Hi to all my AR friends,
I'm sorry I haven't been here much, well, I've BEEN here, just not posting. I appreciate all of you who have been looking for me, you're so kind.
I guess it's time to fill you in on what's been going on. It's difficult for me to write this, and it will probably be longer than it needs to be, but you know me, I can be long winded.
In February I had to go to ER twice, if you remember. Turns out there were probably two different things going on at once that was causing me so much pain. The first was a ruptured ovarian cyst, which was worse than labor. Of course, as soon as the ER staff found out I had a RNY it's all they could think about so they didn't do a pelvic ultrasound to see if it was something "female". Fine...
Right along with that was another pain in my stomach, which persisted after the ovarian pain should have gone away. I had a CT of my abdomen, upper/lower GI, then an ultrasound of the pelvis (which shows more cysts on each ovary). Mind you, during this time eating was horrible, caused lots of pain and I lost 12 lbs. Now that's ok normally, but I was fighting to keep at 128 as it was, so getting down to 116 was terrible.
I started taking Prilosec and it helped and I was at least able to eat. So, off to Dr Gibbs I go to see what he could find out. He put me on antibiotics for a bacteria that can find a nice little home in the bypassed part of our intestines. I felt better after starting, but he still wanted to do a gallbladder study. There is also a chance there is an obstruction in the small bowel, but unfortunately, it's in a part of the gut that can't be seen on x-ray or CT.....only by going in there and looking. Yesterday I had the gallbladder ultrasound and he found "sludge" in there and says it's gotta go. While he's in there he'll check the small bowel situation. The surgery is scheduled for 4/16.
In the meantime (didn't I tell you this would be long?) I'm fighting to keep weight on, so I contacted JoBeth at Baptist to see if she would give me some healthy suggestions to help me regain some of the 12 lbs I lost. After telling me how successful and inspirational I am, she said I am still at a normal BMI and suggested I get counseling for my food obsessions. I can't tell you how this hurt me, not to mention the mixed messages it sent to me. I can easily eat the way I did before WLS and gain weight, would she rather I do that? Just because some damn chart says I'm normal, it's not looking at bones!!!

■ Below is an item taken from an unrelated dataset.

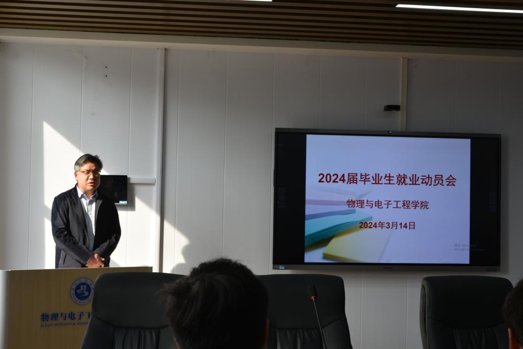 为进一步推进2024届毕业生就业工作,引导毕业生准确把握就业形势,明确职业发展方向,积极就业。3月14日上午,太阳集团tcy8722在崇文楼B809召开2024年毕业生就业动员会,院分党委书记唐传球、副书记戴俊、学工办主任尹诗雅及2024届毕业生参加了会议。会议由戴俊主持。

Well, of course all of the comments are running rampant through the salon about how I look anorexic, frail, skinny , you name it, they say it. These people would have never dreamed of saying I was fat, sloppy or ugly when I was MO, but they have no problem telling me I'm too thin. Needless to say, between all of my doctors and Nut telling me I'm OK, then listening to people telling me I'm not, I'm going a little crazy here.
I don't feel like an inspiration and I question my ability to be a leader for all of you because of what JoBeth said. I talked to my pcp about all of this and he's put me on antidepressants and Adavan for the anxiety I feel when I get into situations where I feel people are attacking me personally. Yes, I've also made an appointment to see a counselor because I really need help learning to cope with this new body and the comments I'm getting.
So, my friends, there it is. I just wanted you to know that I'm struggling here and why I haven't felt I could offer good suggestions or support to you. You all have been on my mind and I do check in to see how things are going. Please understand that this whole thing are things that could happen to all of us on this journey. It's not just a physical one, but almost more mental than anything else.
I've gotta go to work but will be around tomorrow. Hope everyone is doing well.